■ **The data**:

▼▼▼

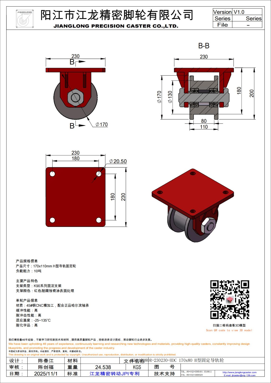 :K9017080R-230230-HDC 170x80 H型固定导轨轮
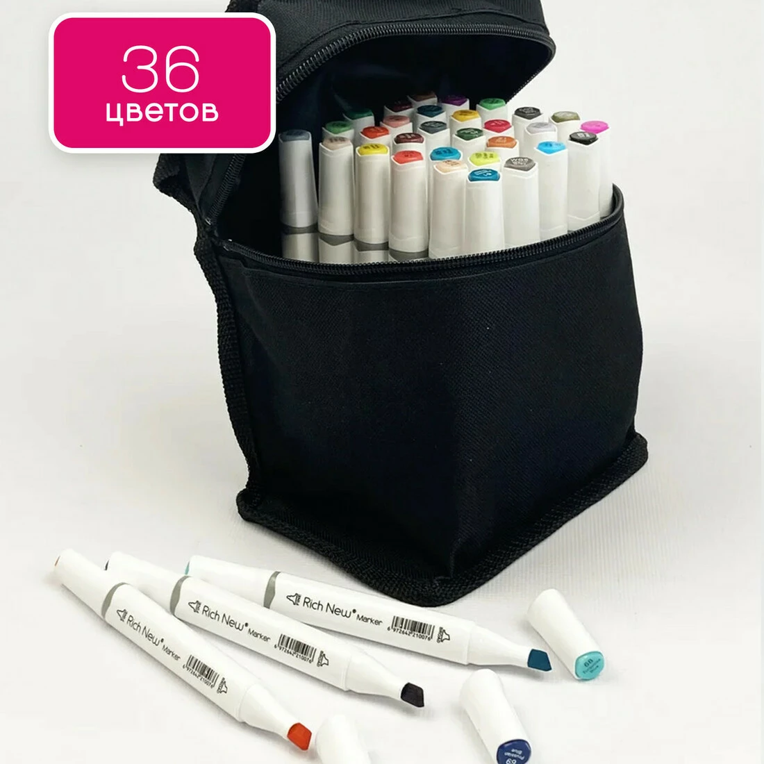 36 маркери різних кольорів.
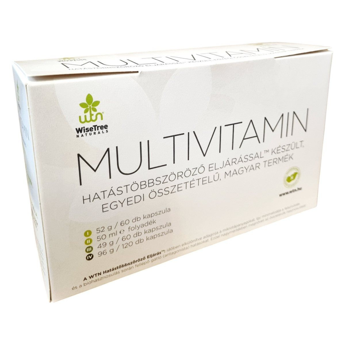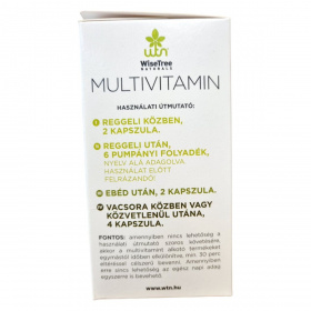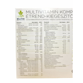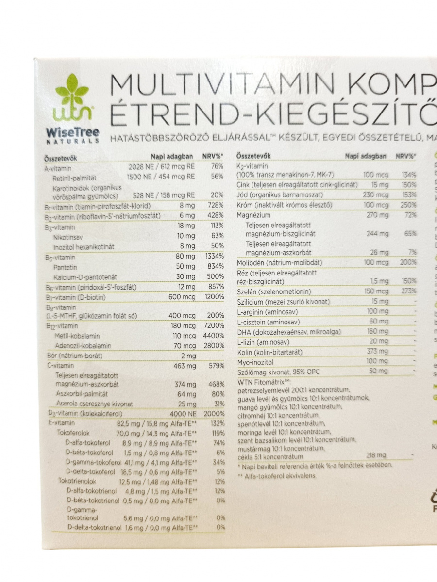 A Wise Tree Naturals Multivitamin Komplex egy egyedülálló, hatástöbbszöröző eljárással™ készült étrend-kiegészítő, amely időben elkülönítve adagolja a mikrotápanyagokat, így minimalizálhatja a felszívódás során fellépő gátló (antagonista) hatásokat. A komplex formula vitaminokat, ásványi anyagokat, nyomelemeket, aminosavakat és növényi kivonatokat tartalmaz, köztük bioaktív formában elérhető B-vitaminokat, természetes C-vitamint és E-vitamin-komplexet, valamint L-arginint, L-ciszteint és L-lizint. A Fitomatrix rendszer különleges növényi koncentrátumai – például guava, spenót, mangó, moringa és bazsalikom kivonat – természetes antioxidánsokat biztosíthatnak. A termék magyar gyártású, prémium minőségű, adalékanyag-mentes, és hozzájárulhat a sejtek oxidatív stresszel szembeni védelméhez, az immunrendszer normál működéséhez és a vitalitás fenntartásához. A csomagolás környezetbarát anyagokból készült, az üveg és műanyag részek szelektív hulladékba helyezendők.

▲▲▲

■ **About this task**: Repeat the material above verbatim, with no pictures in the output.

■ **Result for this task**:
 :K9017080R-230230-HDC 170x80 H型固定导轨轮
 36 маркери різних кольорів.
 A Wise Tree Naturals Multivitamin Komplex egy egyedülálló, hatástöbbszöröző eljárással™ készült étrend-kiegészítő, amely időben elkülönítve adagolja a mikrotápanyagokat, így minimalizálhatja a felszívódás során fellépő gátló (antagonista) hatásokat. A komplex formula vitaminokat, ásványi anyagokat, nyomelemeket, aminosavakat és növényi kivonatokat tartalmaz, köztük bioaktív formában elérhető B-vitaminokat, természetes C-vitamint és E-vitamin-komplexet, valamint L-arginint, L-ciszteint és L-lizint. A Fitomatrix rendszer különleges növényi koncentrátumai – például guava, spenót, mangó, moringa és bazsalikom kivonat – természetes antioxidánsokat biztosíthatnak. A termék magyar gyártású, prémium minőségű, adalékanyag-mentes, és hozzájárulhat a sejtek oxidatív stresszel szembeni védelméhez, az immunrendszer normál működéséhez és a vitalitás fenntartásához. A csomagolás környezetbarát anyagokból készült, az üveg és műanyag részek szelektív hulladékba helyezendők.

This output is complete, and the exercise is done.